> [Task statement] Only the lines in the entries below from the line with "西藏拉薩市林周縣強嘎村的春耕儀式現場(3月16日攝)。新華社記者 晉美多吉 攝" to the line with "Патрон Е27 пластиковый", both included, belong in the answer, transcribed exactly and without pictures.

> [Excerpted records]
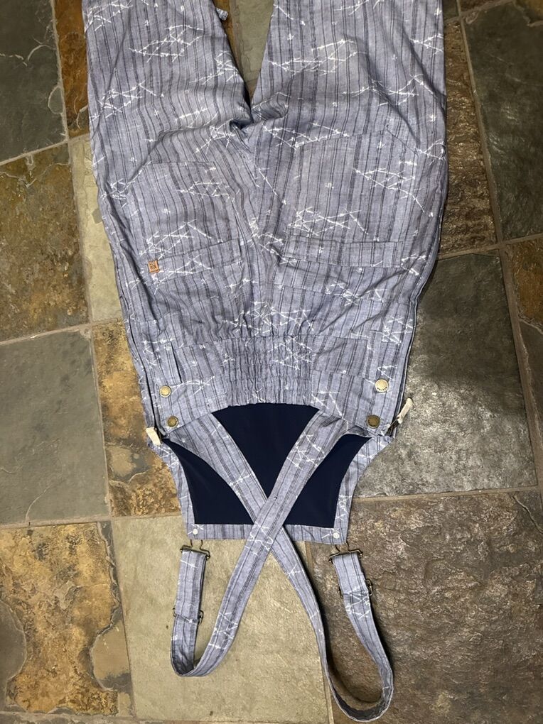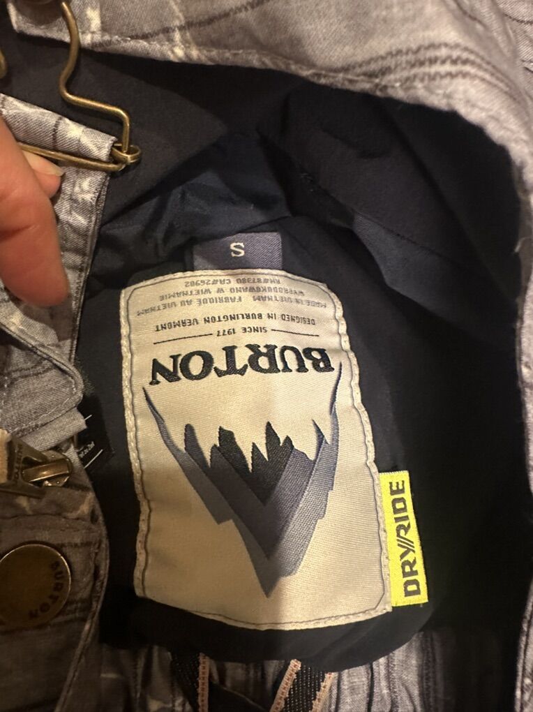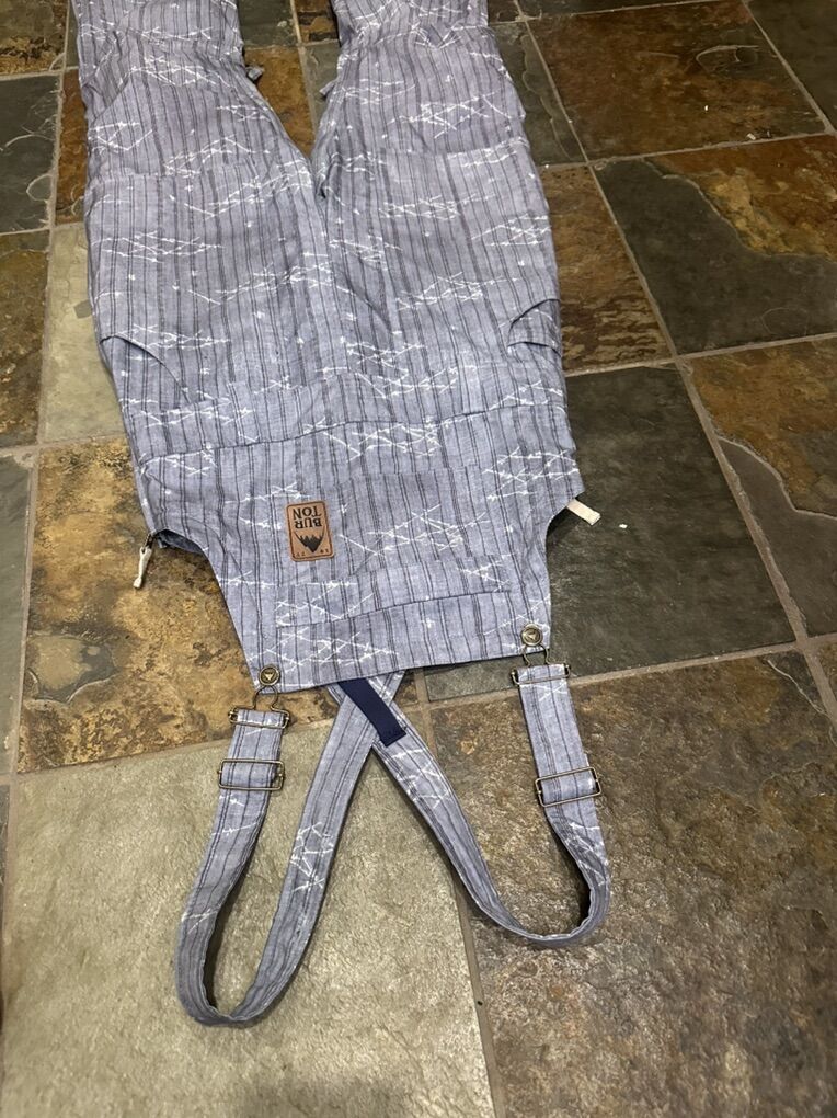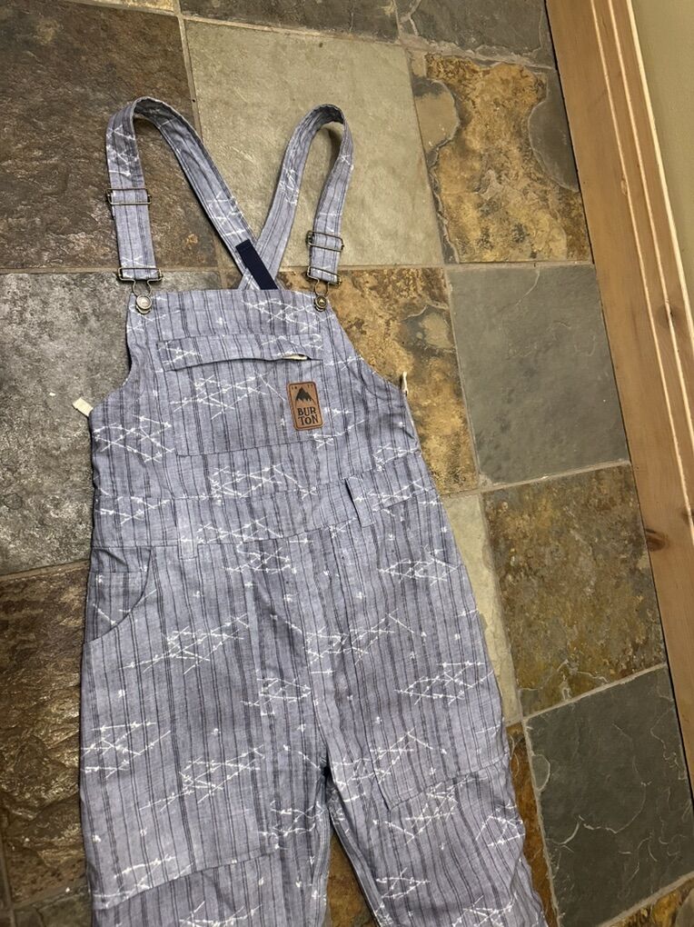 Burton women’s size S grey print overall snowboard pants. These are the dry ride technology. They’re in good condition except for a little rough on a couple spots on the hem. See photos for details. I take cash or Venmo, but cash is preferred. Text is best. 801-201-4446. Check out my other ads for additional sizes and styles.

==

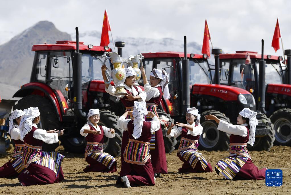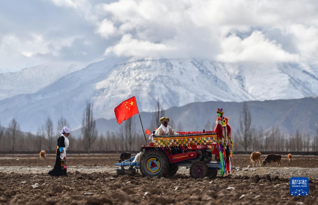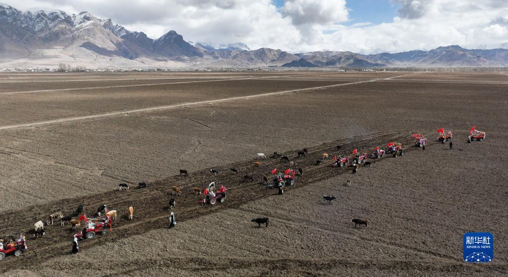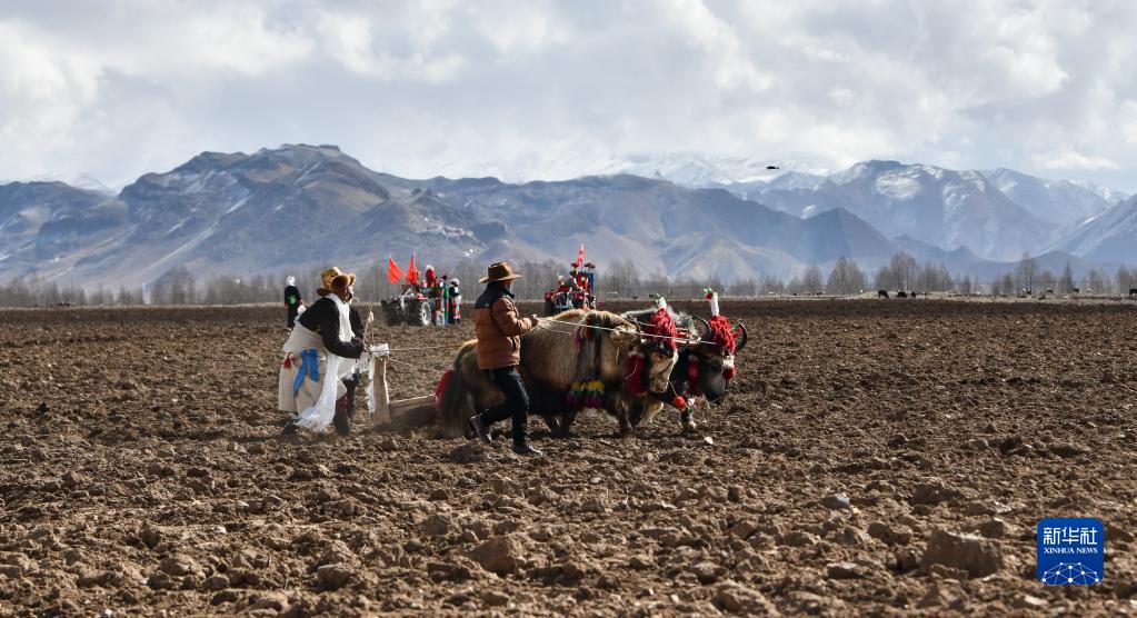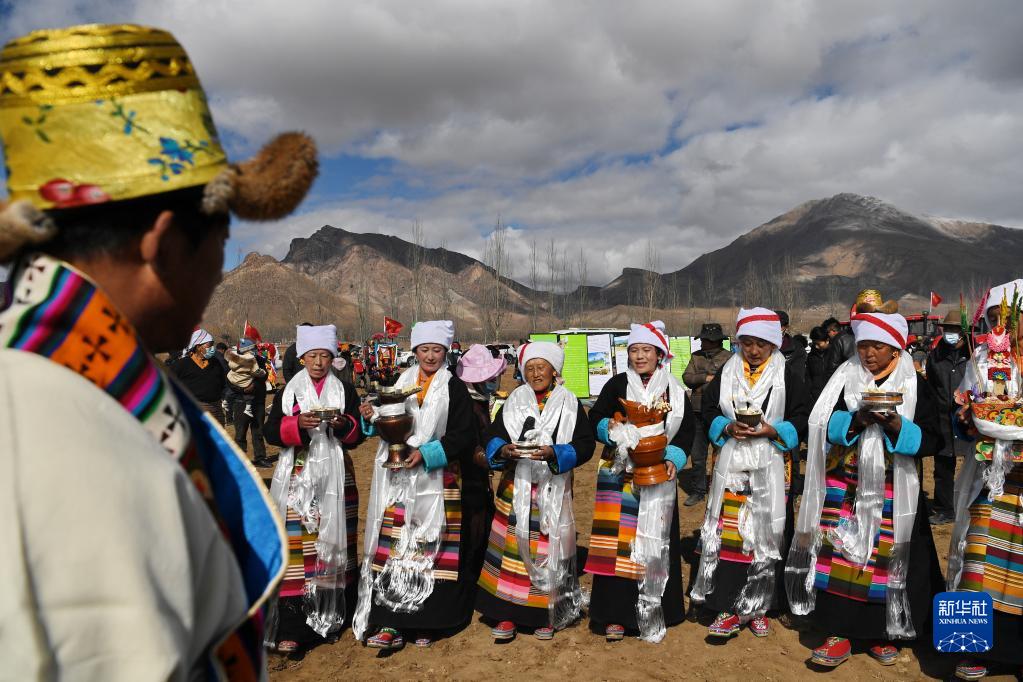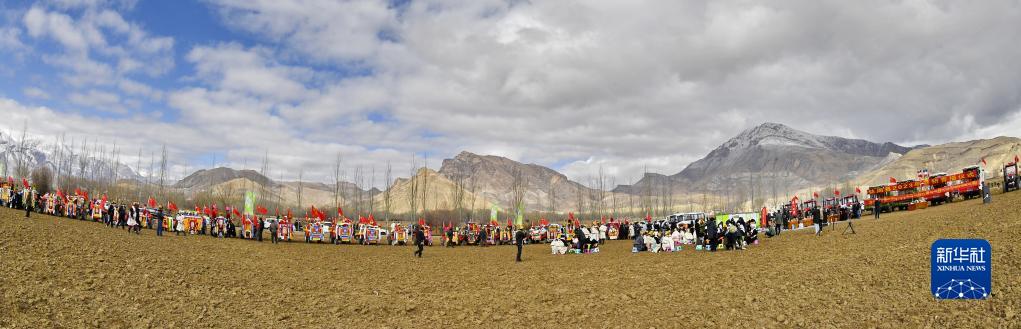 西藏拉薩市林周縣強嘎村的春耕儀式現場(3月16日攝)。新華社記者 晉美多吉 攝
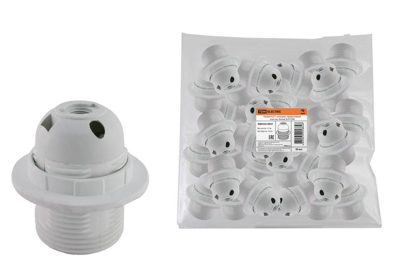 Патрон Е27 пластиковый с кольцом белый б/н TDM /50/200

> [Written reply]
 西藏拉薩市林周縣強嘎村的春耕儀式現場(3月16日攝)。新華社記者 晉美多吉 攝
 Патрон Е27 пластиковый с кольцом белый б/н TDM /50/200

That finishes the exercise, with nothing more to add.